- Järjettömän paska idea
- Directed by: Pamela Tola
- Written by: Pamela Tola
- Produced by: Aleksi Bardy; Anniina Leppänen;
- Starring: Alina Tomnikov; Iina Kuustonen; Chike Ohanwe; Mikko Kauppila; Joanna Haartti; Lotta Lehtikari; Leea Klemola; Lauri Maijala;
- Cinematography: Arsen Sarkisiants
- Edited by: Antti Reikko
- Music by: Salla Luhtala
- Production companies: Helsinki-filmi; Aurora Studios;
- Distributed by: Aurora Studios
- Release date: 13 January 2023;
- Running time: 107 minutes
- Country: Finland
- Language: Finnish
- Budget: €1.625 million

= The Worst Idea Ever =

The Worst Idea Ever (Järjettömän paska idea) is a 2023 Finnish drama film written and directed by Pamela Tola. The film stars Alina Tomnikov and Iina Kuustonen as the leads and follows the story of two friends, Ripe (Tomnikov) and Noora (Kuustonen), who work as video game designers. Other cast members include Chike Ohanwe, Mikko Kauppila, Joanna Haartti, Lotta Lehtikari, Leea Klemola, and Lauri Maijala.
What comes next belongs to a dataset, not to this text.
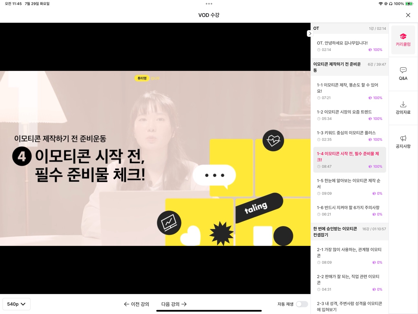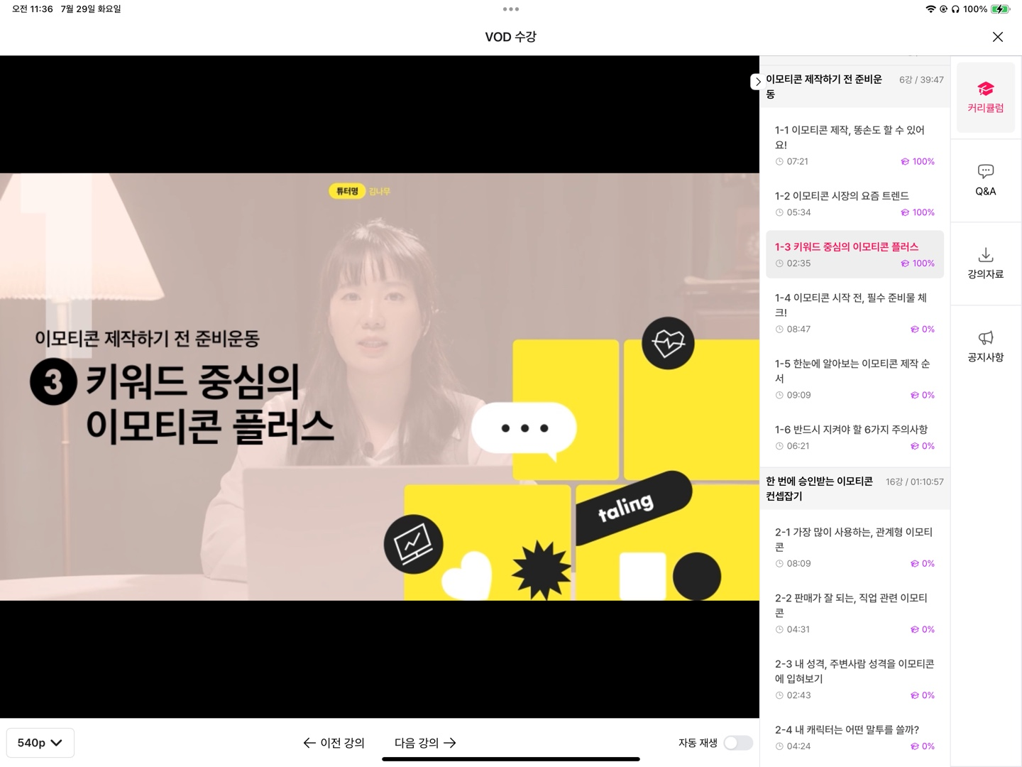그렇게 이모티콘 플러스에 대한 내용을 약 2분 30초 설명을 듣고 난 후

The film premiered in Finland on January 13, 2023. It was produced by Aleksi Bardy and Anniina Leppänen under Helsinki-filmi and Aurora Studios and distributed by Aurora Studios.

== Plot ==
The story focuses on Ripe and Noora, best friends and colleagues in the video game industry. Their bond and professional lives are tested by personal and professional challenges as they navigate a male-dominated field and their own complex lives.

== Production ==
The film was produced by Aleksi Bardy and Anniina Leppänen. Salla Luhtala composed the music, Arsen Sarkisiants was the cinematographer, Antti Reikko handled editing, and Kari Kankaanpää served as production designer.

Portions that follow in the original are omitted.